Burl worked heavy construction, moving the young couple all over Oregon and Washington. Burl worked on numerous dams, following each one as they were being constructed. When one job would end, he would move on to the next. After spending 17 years in construction, Burl decided he did not want to move his young family around anymore. He wanted a normal job, where he could be at home at night and his children could attend one school. The Bond family made The Dalles, Ore., their home in the 1960s. Burl worked some odd jobs, but was not content until he found a job that would provide for his family. In 1973 Burl interviewed, and was hired by, United Parcel Service. Burl had an emaculate driving record and work ethic. He never missed work until his son, Kent, was in a state playoff baseball game. Kent was the catcher for the Wahtonka Eagles. The game was at three in the afternoon, a time of day when no UPS driver was off duty. Burl suddenly was feeling “ill” and called in that day.
Burl and Penny, loved the game of baseball. Burl would coach and Penny would keep the score books. He coached his son's Little League teams, and was honored to coach the All Star Teams when asked.
He even continued to coach long after his son's baseball career ended.
He retired from UPS after 23 years of service. He was a proud teamster member. Burl and Penny would spend their time “donating” at area casinos. They loved to travel with their little companion, Maddy, their beloved little dog. They enjoyed trips to Nevada, Arizona and California, where they also included Burl’s older brother Bob.
Burl was able to share in all eight of his grand- children’s high school graduations. He was beyond thrilled to attend three college graduations as well.
In May 2017, three months before his passing, Burl celebrated his 80th birthday on a family cruise to Alaska. Nine family members, including five grandchildren, were on board. Burl would often be seen in the casino late at night playing Texas Hold ‘Em with his two grandsons, Derek, and Zac. Such fond memories were created on that cruise.

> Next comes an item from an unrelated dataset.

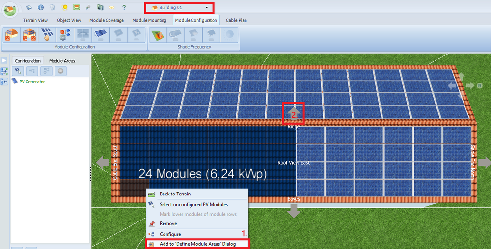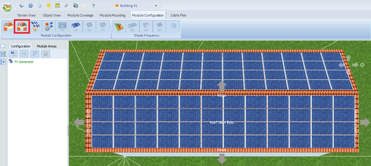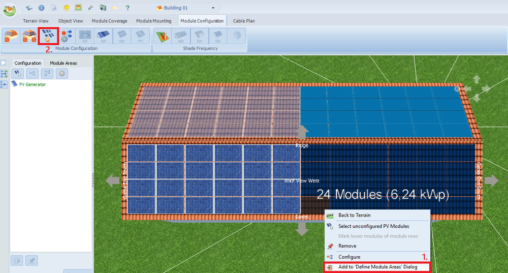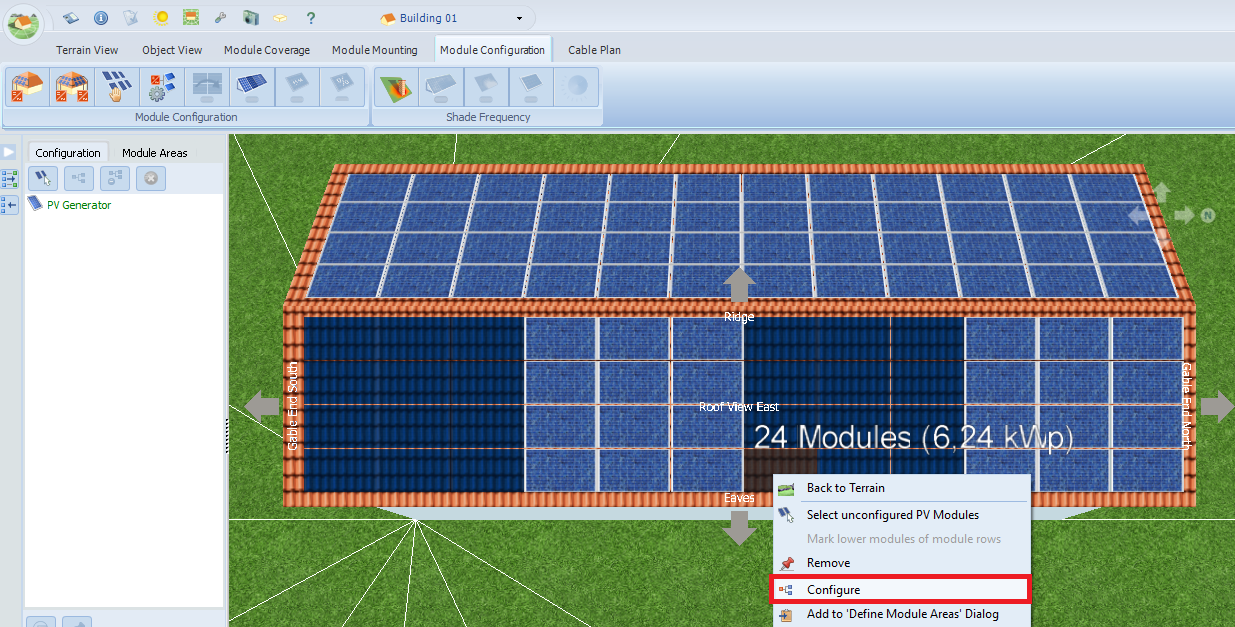 Scenario 1: You can connect all modules on two or more roof areas together using the "Configure all unconfigured modules" button: Scenario 2: To configure several—but not all—modules from the same roof area to a single inverter, first select them by holding down the Ctrl key and left-clicking. Then, right-click and select "Configure": Scenario 3: You can also configure multiple module areas on different roof areas together. First, define which modules should be configured together. Select the desired modules from the first module area, right-click on the selected modules, and choose "Add to 'Define Module Areas' Dialog." Use the gray arrow to switch to the other side of the same roof. (Or you can use the dropdown menu in the top menu bar to switch to a different building.) Now select the desired modules of the second module area, right-click on the selected modules, and choose "Add to 'Define Module Areas' dialog." Then click the "Define Module Areas for Configuration" button: You can rename the module areas if necessary (right-click → Rename). Then click "Configure": In the inverter configuration window, select both module areas and click "Configure module areas together." You can then select the desired inverter:-
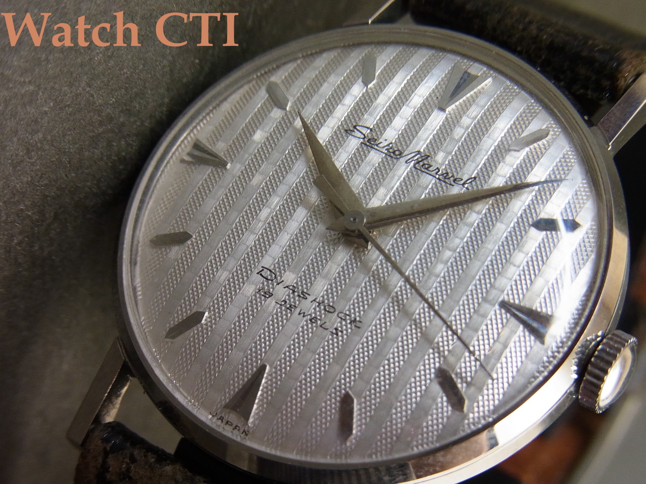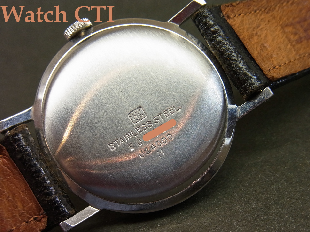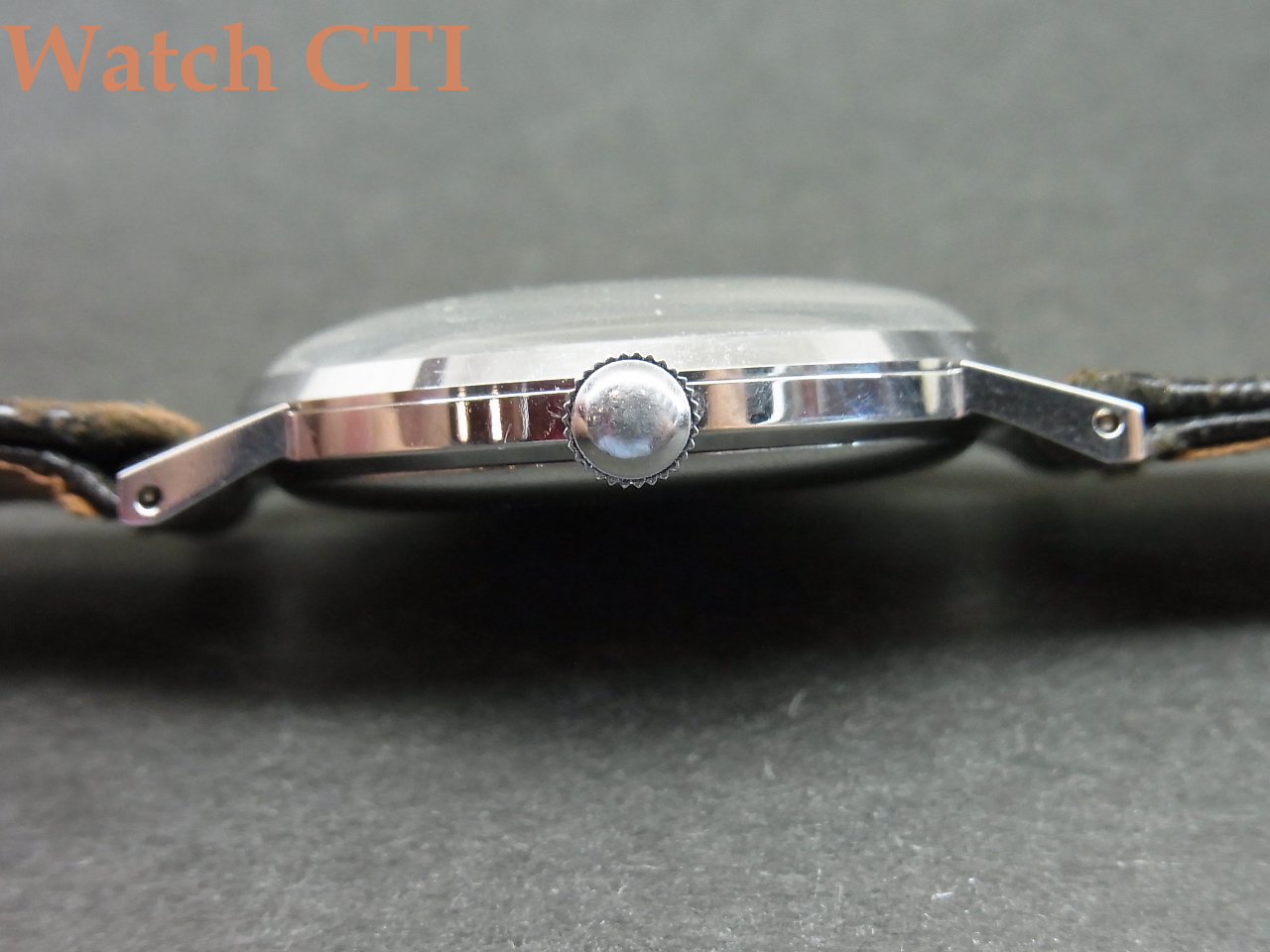 今、ヴィンテージ品としての評価は「使い込まれていない品」という点で高評価が付くのであり、売れ残っていた時計店では棚卸されて以来長い年月を経た厄介者でした…..当然「経年変化」がでています。中には、棚卸後にパーツを取られてドナーになってしまった個体だって出てきます。そういう点でデッドストック品にはエンドユーザーに実用使用された痕跡はなくとも棚卸以降の時計店での現在までの保管状況次第ではユーズド品にも劣る品だって実際にはございます。ただし、私たちが仕入れるのはそんな中でもできる限り優良なオリジナル状態を保っているものを選択してはいるのです。が、ほぼすべての個体で何らかの経年変化痕跡や手を入れた痕跡が見られますので、工場出荷直後の「未使用新品」とは区別してお考え下さい。宜しくお願い致します。

Burl was proceeded in death by his loving wife, Penny, who passed away in 2003; brother, Bob, and both of his parents. He mourned the passing of his little dog Maddie, who passed not long after his wife.
It was the last little dog they shared their home with.

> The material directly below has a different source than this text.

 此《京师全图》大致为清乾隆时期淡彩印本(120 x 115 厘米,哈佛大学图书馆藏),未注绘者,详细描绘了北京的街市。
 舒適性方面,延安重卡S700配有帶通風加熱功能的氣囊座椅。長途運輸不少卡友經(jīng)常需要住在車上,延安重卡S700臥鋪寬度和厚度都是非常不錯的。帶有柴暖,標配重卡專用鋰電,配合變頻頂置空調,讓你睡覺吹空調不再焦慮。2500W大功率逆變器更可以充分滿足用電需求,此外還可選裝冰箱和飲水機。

Burl is survived by his children; son, Kent Bond (Anna), and daughters Lisa Mabrey, and Kaye Springer (Barry). He leaves behind eight grand children who dearly loved him; Heidi Anderson, Jeff and Jacob Burl Mabrey, Derek, Chelsea, Jessica Bond, Zac and Summer Smith.
Burl also leaves behind his youngest brother Gary Bond; seven great-grand children; and numerous nieces and nephews. Burl had many dear and close friends. He will be deeply missed by June Brown, Eileen Gurley, and Tom and Kay Ashmore.
Burl touched many people in this world. He leaves behind a legacy of love, values, integrity, and, above all else, laughter. He would not want us to linger in sadness, but embrace life and all it has. Burl Bond left this world a much better place than before he arrived. So, when you think of daddy, remember his laugher, love, and envision him in heaven and laughing with Jesus.
We will have a celebration of his life on Sept. 2 from 12-4 p.m. at the Hood River Hotel.
If you would like to donate in his name, please donate to Dogs Of The Gorge, P.O. Box 391 Goldendale, Wash. Dogs were an all time favorite of our father’s.